Williams joined the Alpine Club (London) in 1882 and, becoming senior American member on the death of Justice Holmes (1935), was elected to honorary membership. He joined the American Alpine Club in 1921, and his extensive climbing record is given in full in our published lists. After 1885 his visits to the Alps were only occasional; his ascents, however, include the traverse of the Drus (1889, the second ascent of both peaks in a single day), Aiguille Verte, Mont Blanc (twice), as well as major peaks of the Oberland, Eastern Pennines and Bernina. In the Eastern Alps he had ascended the Ortler and Gross Glockner. He made three ascents of Piz Bernina, once in winter and once by a new route (1885) from the Tschierva Glacier via Fuorcla Scersen-Bernina. In Ecuador he reached the summit of Pinchincha, and in Colorado he climbed Longs Peak.
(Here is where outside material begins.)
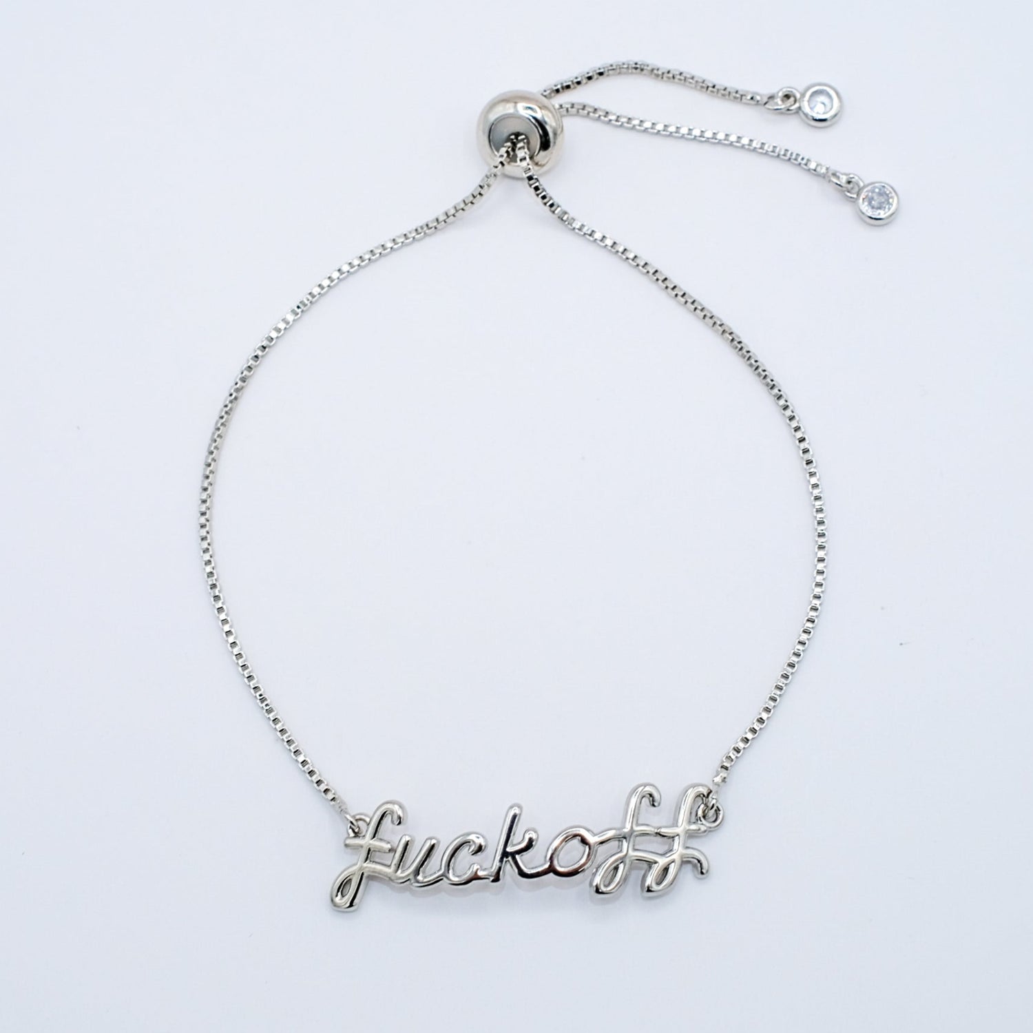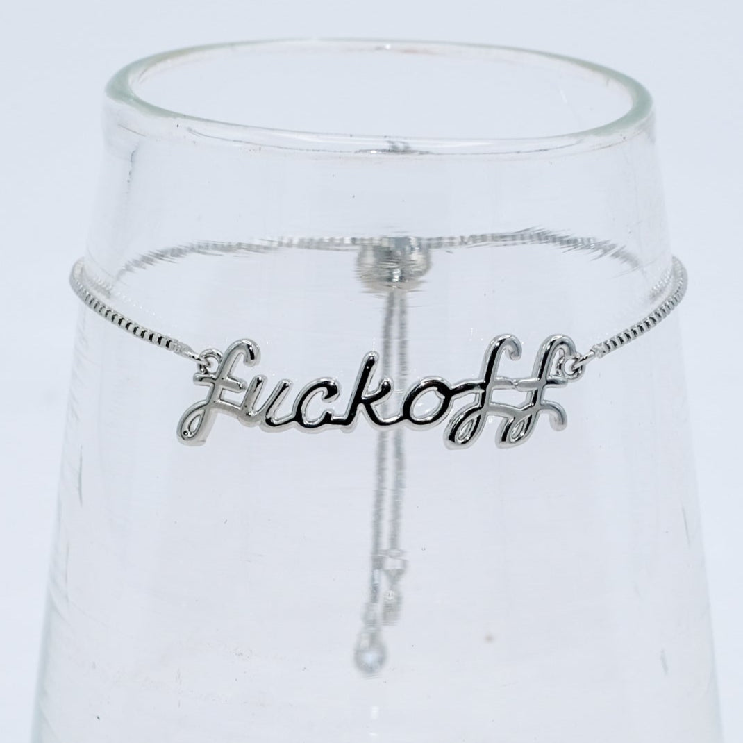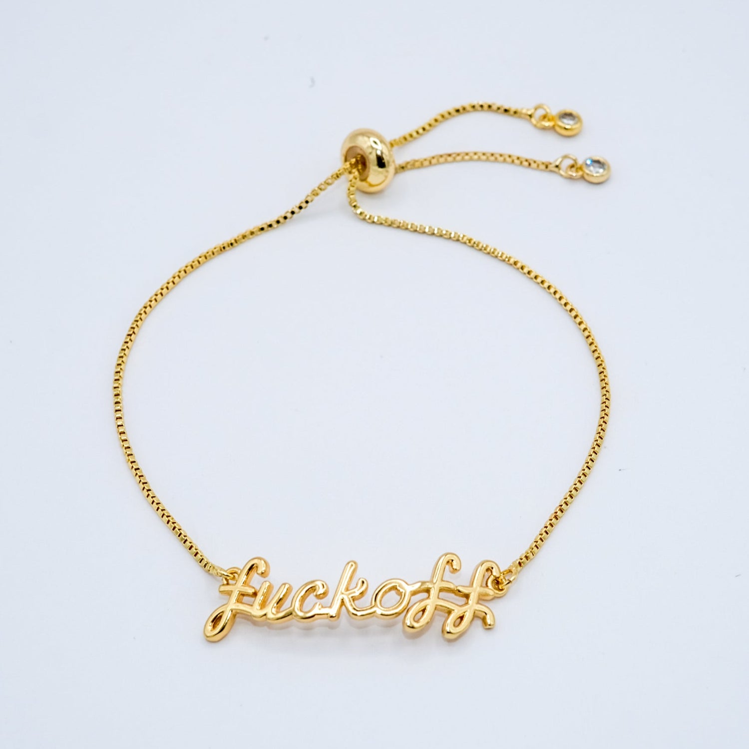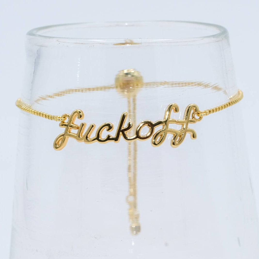 This adjustable bracelet features a charm in elegant cursive that boldly says “Fuck Off” ...a sassy & stylish reminder to protect your energy. Luxe, lightweight, stackable, and effortlessly wearable.
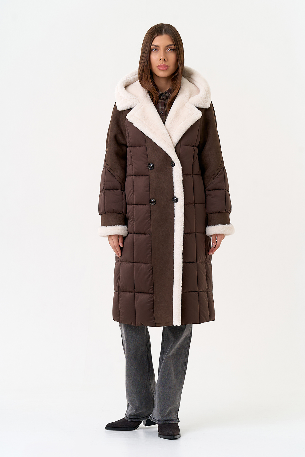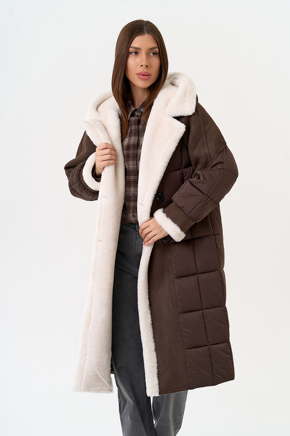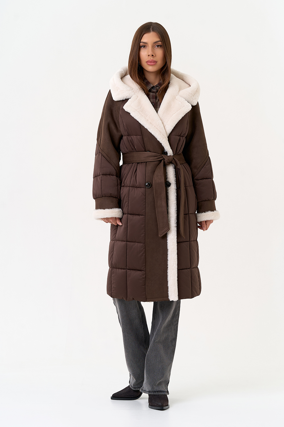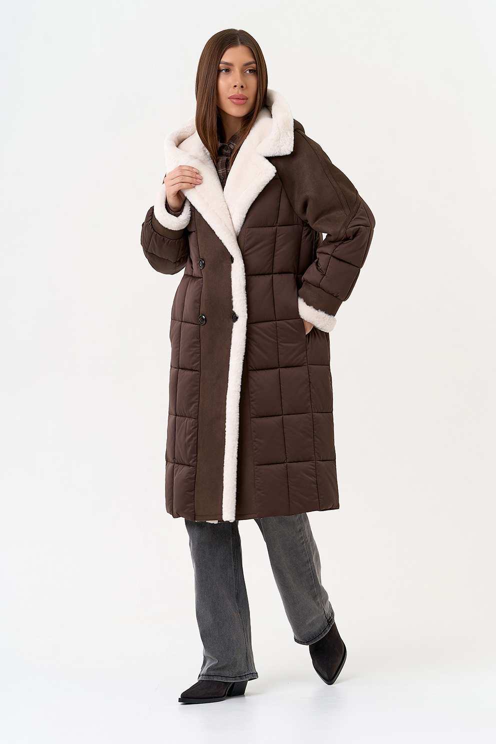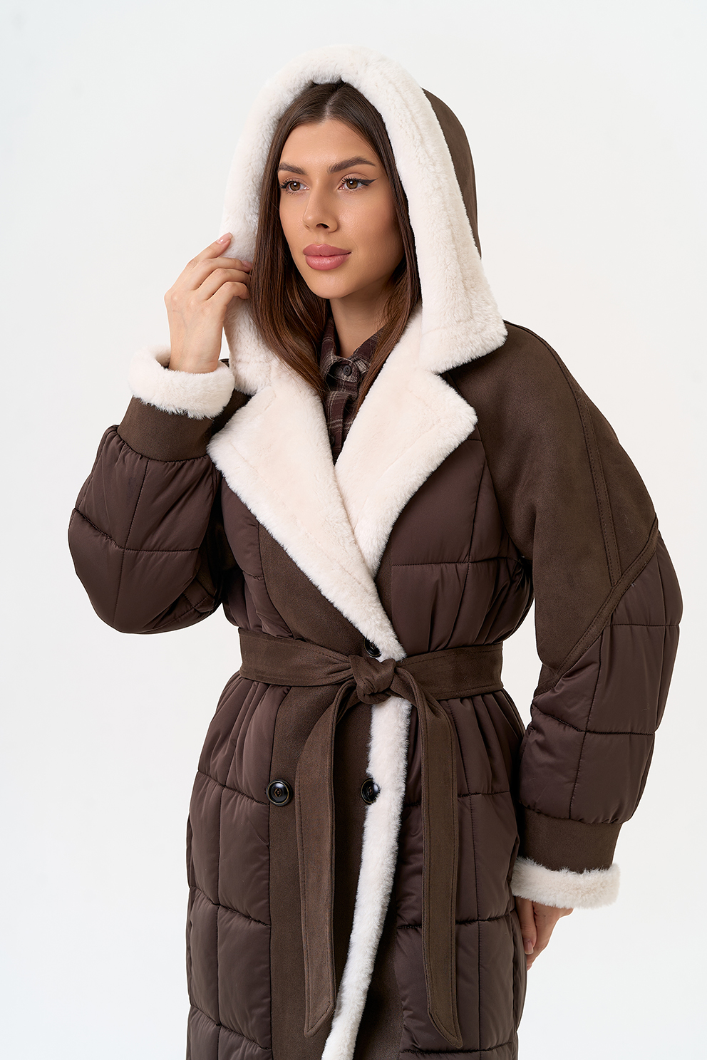 Крой воротника - капюшон, отделка эко мех

In 1888 he joined H. G. Broke and H. W. Topham on their expedition to Mount St. Elias, the first to attempt this mountain, gaining an elevation of 11,400 ft. on the S. ridge, an account of which he wrote for the American Alpine Journal (1942) as well as for publications of earlier date (Scribner's, April 1889; Alpine Journal, August 1889).

His figure will be missed at the dinners of the Club, which he regularly attended, being present at the meeting of December 1946, to hear the account of the first complete American ascent of Mount St. Elias, 58 years after his own experience.

J. M. T.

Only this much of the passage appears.